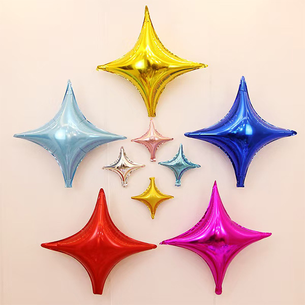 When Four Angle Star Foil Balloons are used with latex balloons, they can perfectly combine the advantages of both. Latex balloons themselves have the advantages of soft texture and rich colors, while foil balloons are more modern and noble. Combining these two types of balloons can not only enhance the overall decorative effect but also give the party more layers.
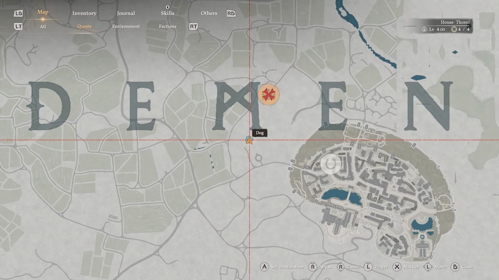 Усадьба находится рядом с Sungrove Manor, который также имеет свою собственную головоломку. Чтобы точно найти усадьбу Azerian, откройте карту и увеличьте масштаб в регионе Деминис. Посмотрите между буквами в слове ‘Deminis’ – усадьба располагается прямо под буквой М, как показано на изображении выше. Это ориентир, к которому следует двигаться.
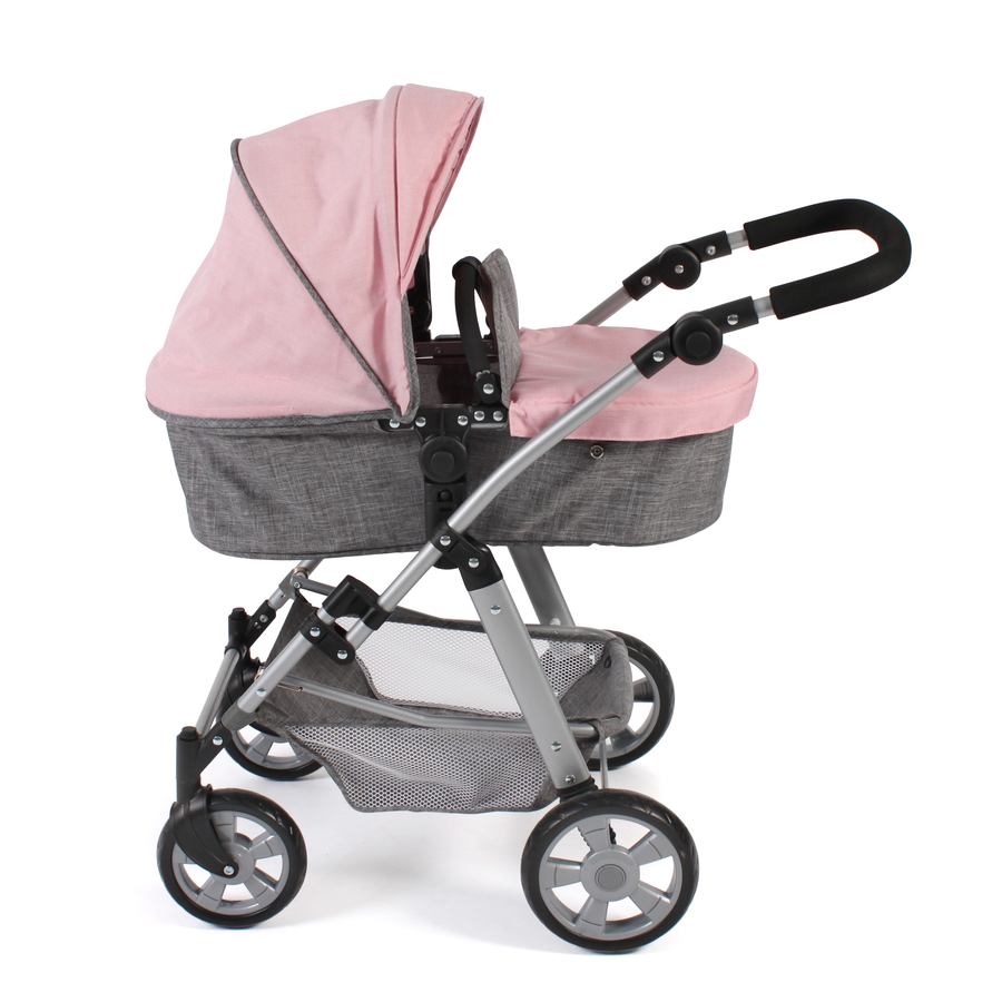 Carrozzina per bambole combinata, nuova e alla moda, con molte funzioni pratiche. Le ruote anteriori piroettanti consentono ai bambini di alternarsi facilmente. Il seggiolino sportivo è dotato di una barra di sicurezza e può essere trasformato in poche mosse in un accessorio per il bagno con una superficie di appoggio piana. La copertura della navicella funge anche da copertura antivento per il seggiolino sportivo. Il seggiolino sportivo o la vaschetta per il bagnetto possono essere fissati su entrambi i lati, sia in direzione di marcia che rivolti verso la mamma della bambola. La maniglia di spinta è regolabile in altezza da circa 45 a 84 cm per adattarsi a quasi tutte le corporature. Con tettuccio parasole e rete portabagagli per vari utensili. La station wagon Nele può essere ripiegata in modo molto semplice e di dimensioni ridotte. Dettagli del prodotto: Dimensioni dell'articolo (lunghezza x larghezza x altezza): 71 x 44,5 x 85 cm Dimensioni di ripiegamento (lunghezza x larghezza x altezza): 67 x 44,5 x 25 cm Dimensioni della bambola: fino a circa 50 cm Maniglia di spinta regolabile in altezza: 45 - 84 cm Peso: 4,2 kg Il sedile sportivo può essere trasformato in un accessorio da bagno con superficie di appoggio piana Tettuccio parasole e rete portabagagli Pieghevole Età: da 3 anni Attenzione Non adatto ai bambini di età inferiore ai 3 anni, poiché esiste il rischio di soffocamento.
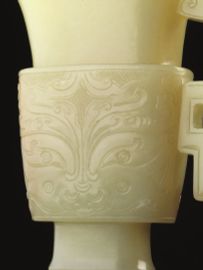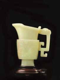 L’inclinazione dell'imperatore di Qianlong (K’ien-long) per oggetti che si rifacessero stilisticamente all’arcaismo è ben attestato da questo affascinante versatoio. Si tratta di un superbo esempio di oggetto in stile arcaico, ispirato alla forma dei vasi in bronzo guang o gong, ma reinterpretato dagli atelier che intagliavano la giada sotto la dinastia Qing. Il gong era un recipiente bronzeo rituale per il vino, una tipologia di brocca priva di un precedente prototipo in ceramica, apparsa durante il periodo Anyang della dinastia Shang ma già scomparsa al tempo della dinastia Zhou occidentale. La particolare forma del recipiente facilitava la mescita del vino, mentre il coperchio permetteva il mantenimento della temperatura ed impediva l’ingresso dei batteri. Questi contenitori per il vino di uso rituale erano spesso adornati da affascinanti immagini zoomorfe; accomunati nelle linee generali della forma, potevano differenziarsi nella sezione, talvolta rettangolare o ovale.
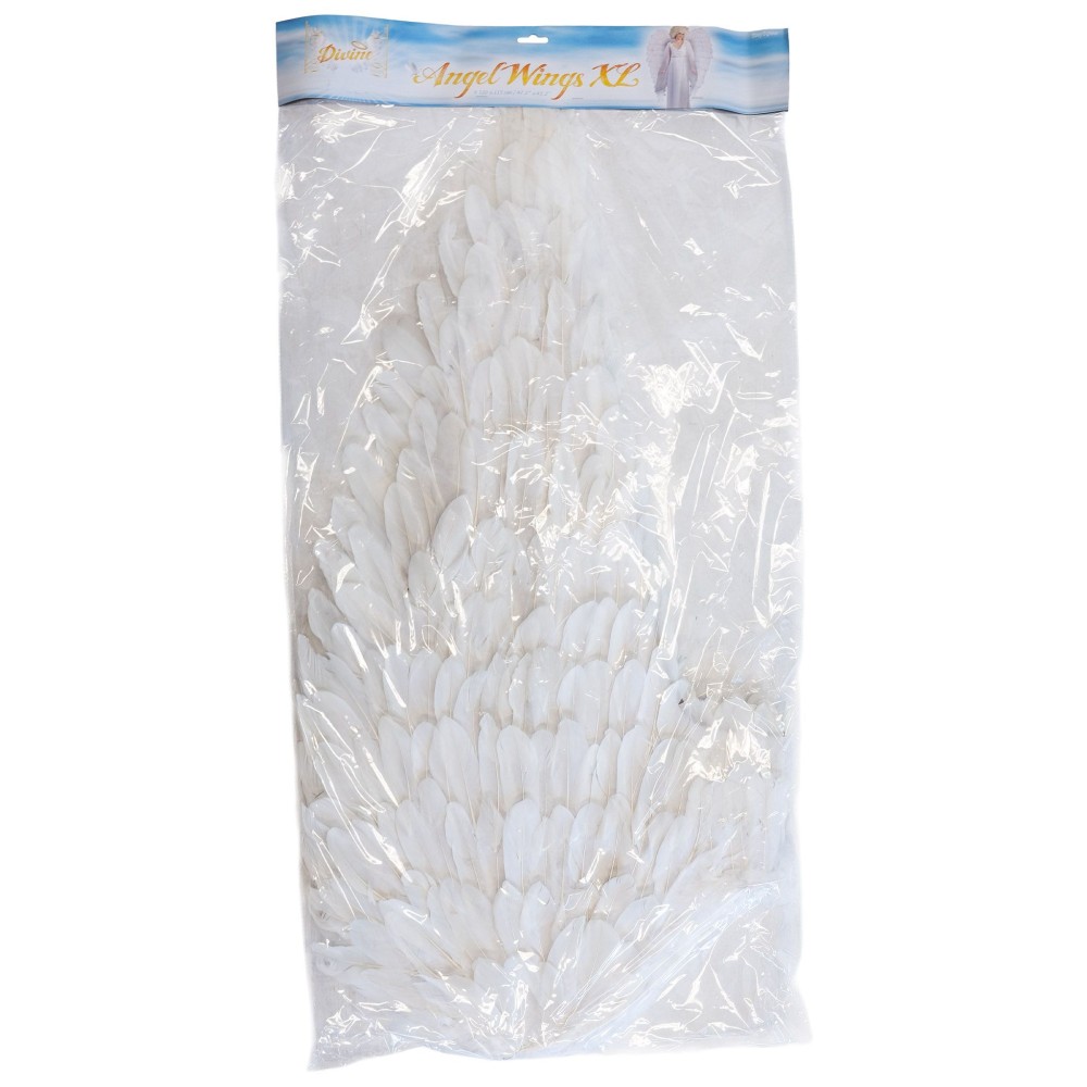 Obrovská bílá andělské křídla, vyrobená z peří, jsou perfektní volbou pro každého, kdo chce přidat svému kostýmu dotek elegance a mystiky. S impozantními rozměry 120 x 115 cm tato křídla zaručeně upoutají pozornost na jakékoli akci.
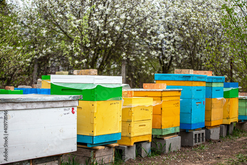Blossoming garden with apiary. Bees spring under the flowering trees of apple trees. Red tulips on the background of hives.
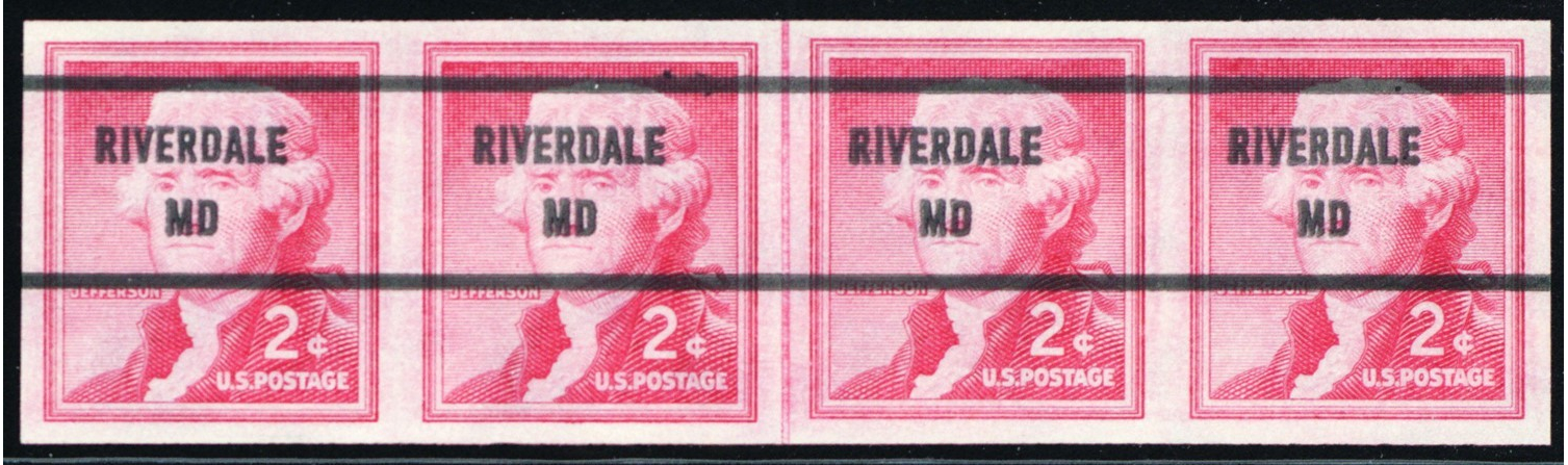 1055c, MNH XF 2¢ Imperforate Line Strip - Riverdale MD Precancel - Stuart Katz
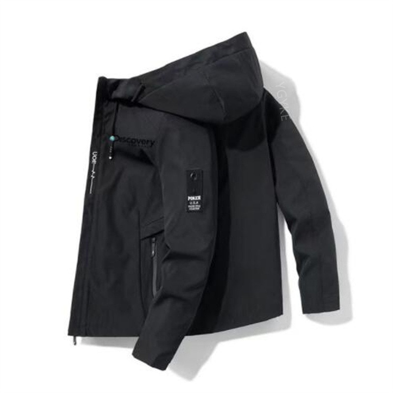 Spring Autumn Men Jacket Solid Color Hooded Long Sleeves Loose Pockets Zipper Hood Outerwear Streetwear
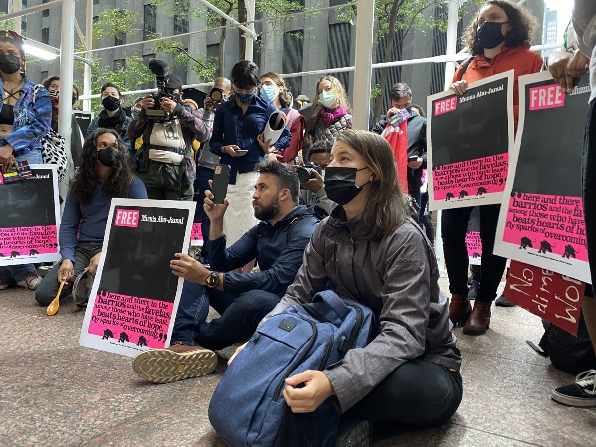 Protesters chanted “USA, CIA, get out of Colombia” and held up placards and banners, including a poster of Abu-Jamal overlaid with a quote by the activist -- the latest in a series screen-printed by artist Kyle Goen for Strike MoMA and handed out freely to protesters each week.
..............................
Exercise description ▸
Only the lines from the one containing "1055c, MNH XF" through the last line of the material are to be restated word for word; no picture is to be included.

Final answer ▸
 1055c, MNH XF 2¢ Imperforate Line Strip - Riverdale MD Precancel - Stuart Katz
 Spring Autumn Men Jacket Solid Color Hooded Long Sleeves Loose Pockets Zipper Hood Outerwear Streetwear
 Protesters chanted “USA, CIA, get out of Colombia” and held up placards and banners, including a poster of Abu-Jamal overlaid with a quote by the activist -- the latest in a series screen-printed by artist Kyle Goen for Strike MoMA and handed out freely to protesters each week.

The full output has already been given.